● Requirement
Could you write out, exactly and with no pictures, every line from the one containing "ドリンクオーダーと共に乗客一" through the last line of the entries?

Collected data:
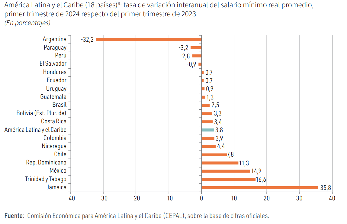 Cualquiera sea la fuente, oficial o privada, nacional o internacional, el cuadro es deprimente, con todas las variables en coma profundo. La Comisión Económica para América Latina de las Naciones Unidas (CEPAL) acaba de difundir un informe impactante, sobre deuda pública y salarios. Entre el primer trimestre de 2023 y de 2024, el salario mínimo real promedio disminuyó más de 32 puntos.
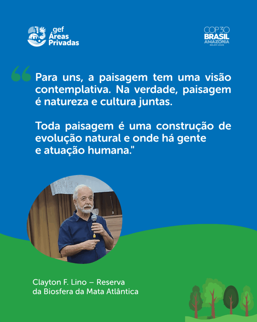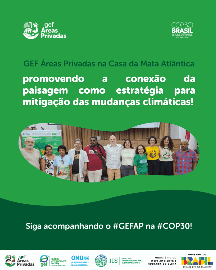 A integração entre conservação da biodiversidade, clima e gestão integrada da paisagem orientou o debate da mesa “Conexão da paisagem como estratégia para mitigação das mudanças climáticas”, realizada na Casa da Mata Atlântica, em Belém (PA), dia 13 de novembro, durante a COP30. O Projeto GEF Áreas Privadas (GEF AP) foi apresentado como um exemplo concreto de como iniciativas em áreas privadas podem contribuir para formulação de políticas públicas, restauração ecológica e conectividade de paisagens em biomas estratégicos.
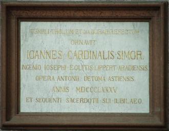 Keywords: Esztergom bazilika Simor tábla.JPG hu Simor János emléktáblája Own Villy Plaques in Esztergom Plaques to bishops in Hungary Esztergom Cathedral 1885 in Hungary Latin inscriptions in Hungary János Simor
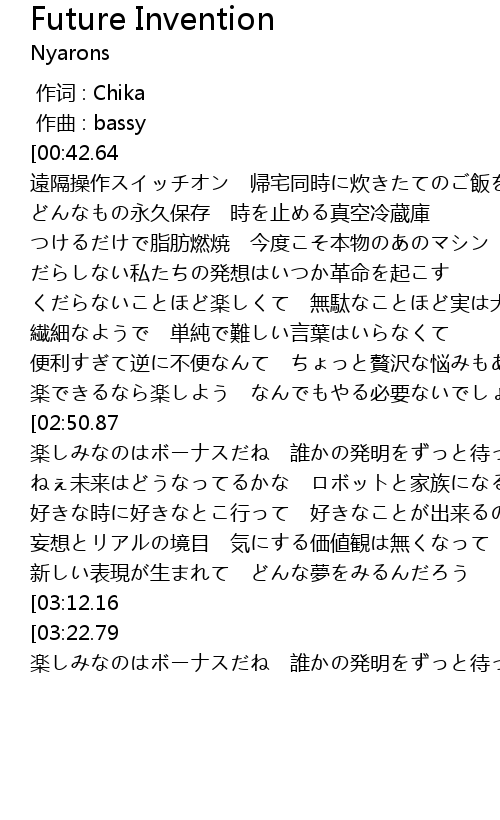 | [03:01.46] | 楽しみなのはボーナスだね 誰かの発明をずっと待って |
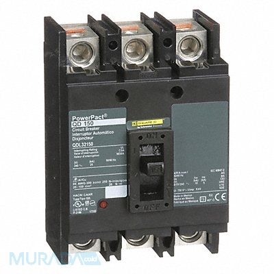 Molded Case Circuit Breaker 150 A Amps AC Voltage Rating 240V AC Max AIR Rating 25kA at 240V AC For Use With - Series QD High Amp Trip Setting 2 400 A Low Amp Trip Setting 1 200 A Circuit Breaker Type Standard Number of Poles 3 DC Voltage Rating Not Rated Terminal Connection Lug Trip Type Thermal Magnetic Phase Three Instantaneous Trip Fixed Phase Connection ABC Frame Size 250A/QD Circuit Breaker Mounting Style Free Standing Height 6.47 in Width 4.5 in Depth 3.93 in
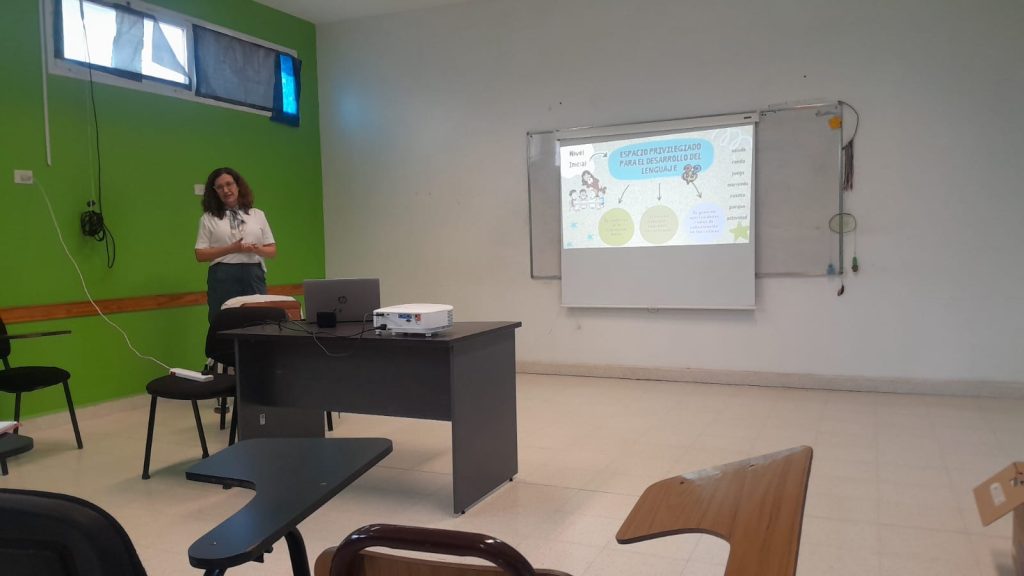 La licenciada en Fonoaudiología María Laura Lojda aportó su mirada profesional. “El entorno comunicativo influye de manera directa en el crecimiento integral de niños y niñas”, se destacó durante la jornada. La capacitación sumó herramientas para la práctica educativa.
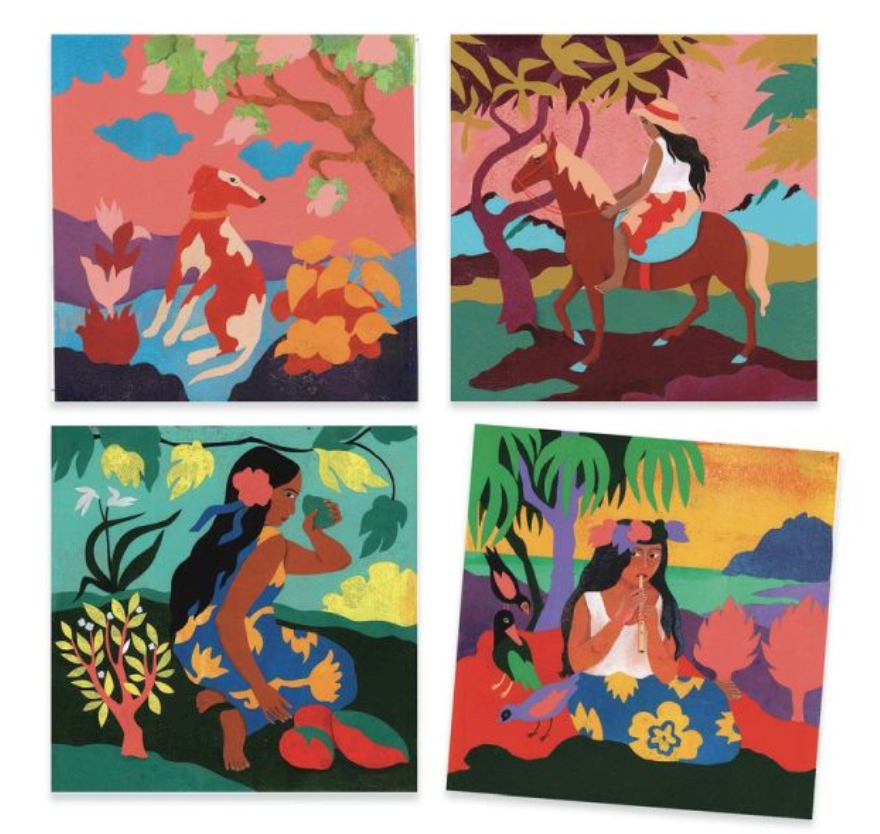 A painting activity that invites children to discover the style of Paul Gauguin, the great post-impressionist master. Little by little, colour is added to the paintings, bringing the women of Tahiti to life.
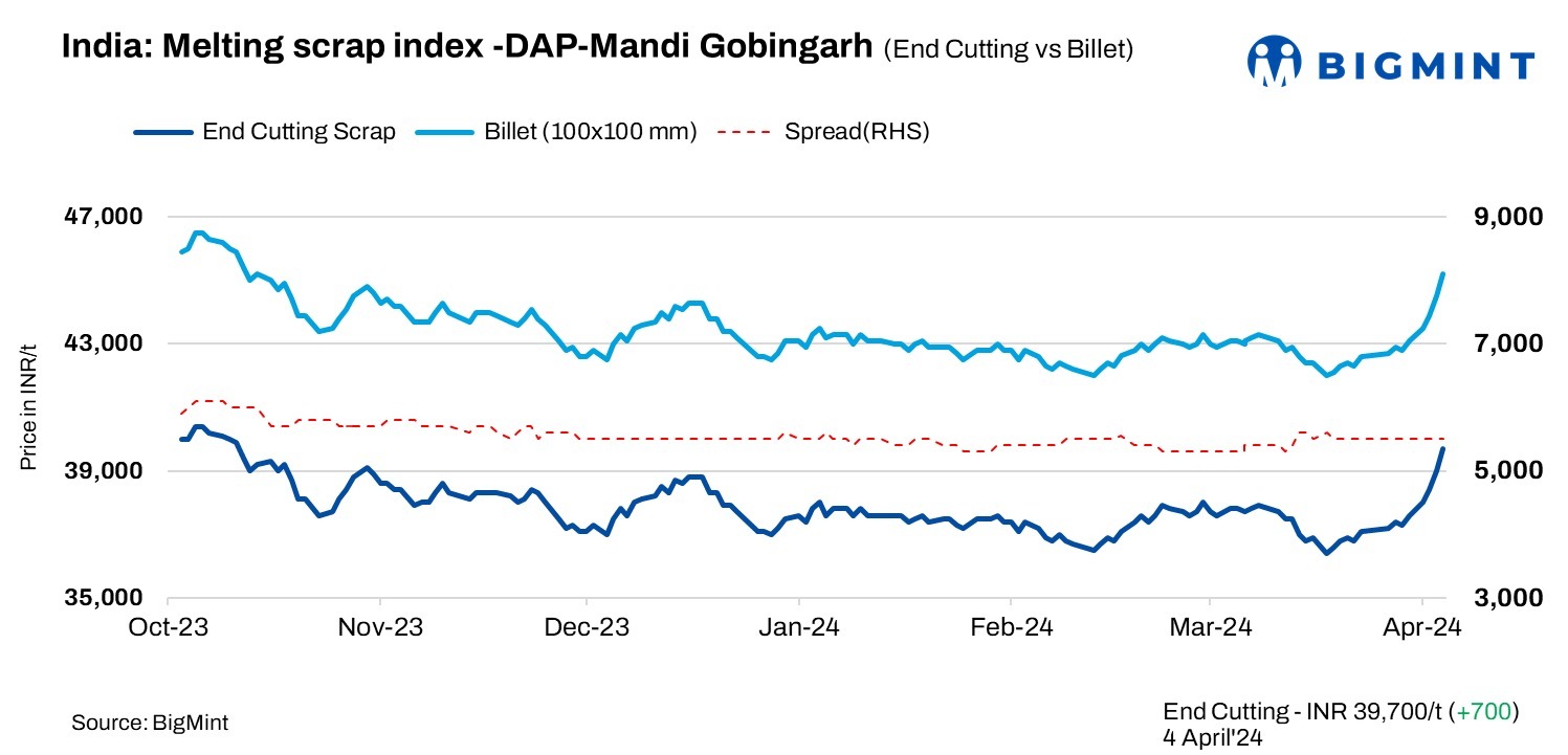 BigMint’s data for 4 April, 2024 revealed a rise of INR 700/t in the domestic steel scrap index (end-cutting) in Mandi Gobindgarh, reaching INR 39,700/t on a delivered-at-plant (DAP) basis. The market is experiencing a shortage of scrap, yet buyers are hesitant to purchase imported scrap given the current situation.
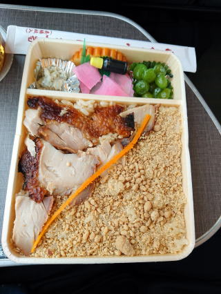 ドリンクオーダーと共に乗客一人一人に行き先を尋ねてよろしくお願いしますと頭を下げるアテンダントさん。乗車時間の長短によって、サービスの時間的優先度を考えているんだろうな。まずいないだろうけど、横浜で下車するなら至急のドリンクサービスが必要になる
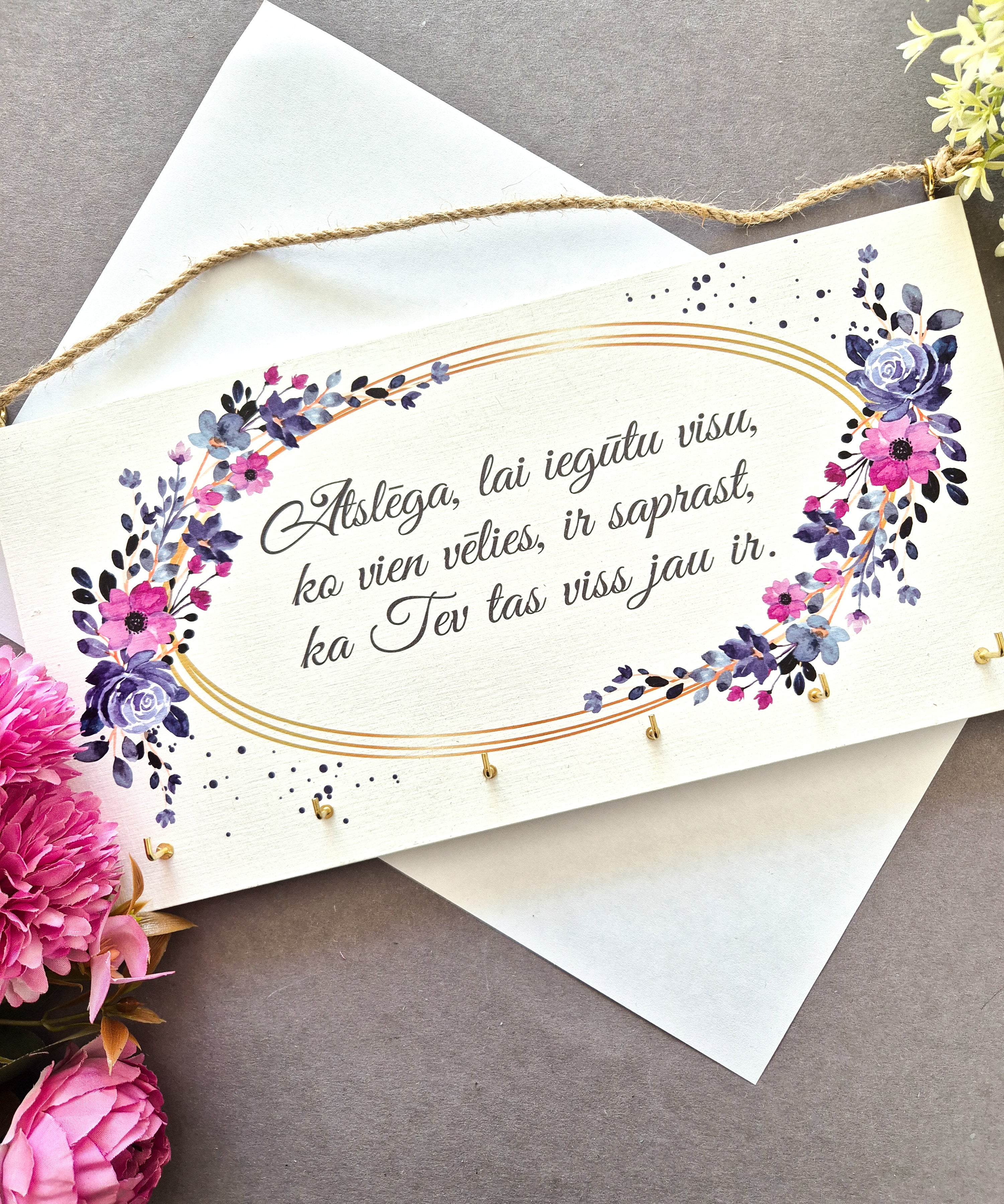 Iga kodu muutub eriliseks, kui see on korras ja sa tead, et sind on teretulnud. Personaalsed puidust kaunistused võtmekonksudega ühendavad praktilisuse soojusega ning pakuvad kohta väikestele, aga olulistele asjadele.

● Output of the task
 ドリンクオーダーと共に乗客一人一人に行き先を尋ねてよろしくお願いしますと頭を下げるアテンダントさん。乗車時間の長短によって、サービスの時間的優先度を考えているんだろうな。まずいないだろうけど、横浜で下車するなら至急のドリンクサービスが必要になる
 Iga kodu muutub eriliseks, kui see on korras ja sa tead, et sind on teretulnud. Personaalsed puidust kaunistused võtmekonksudega ühendavad praktilisuse soojusega ning pakuvad kohta väikestele, aga olulistele asjadele.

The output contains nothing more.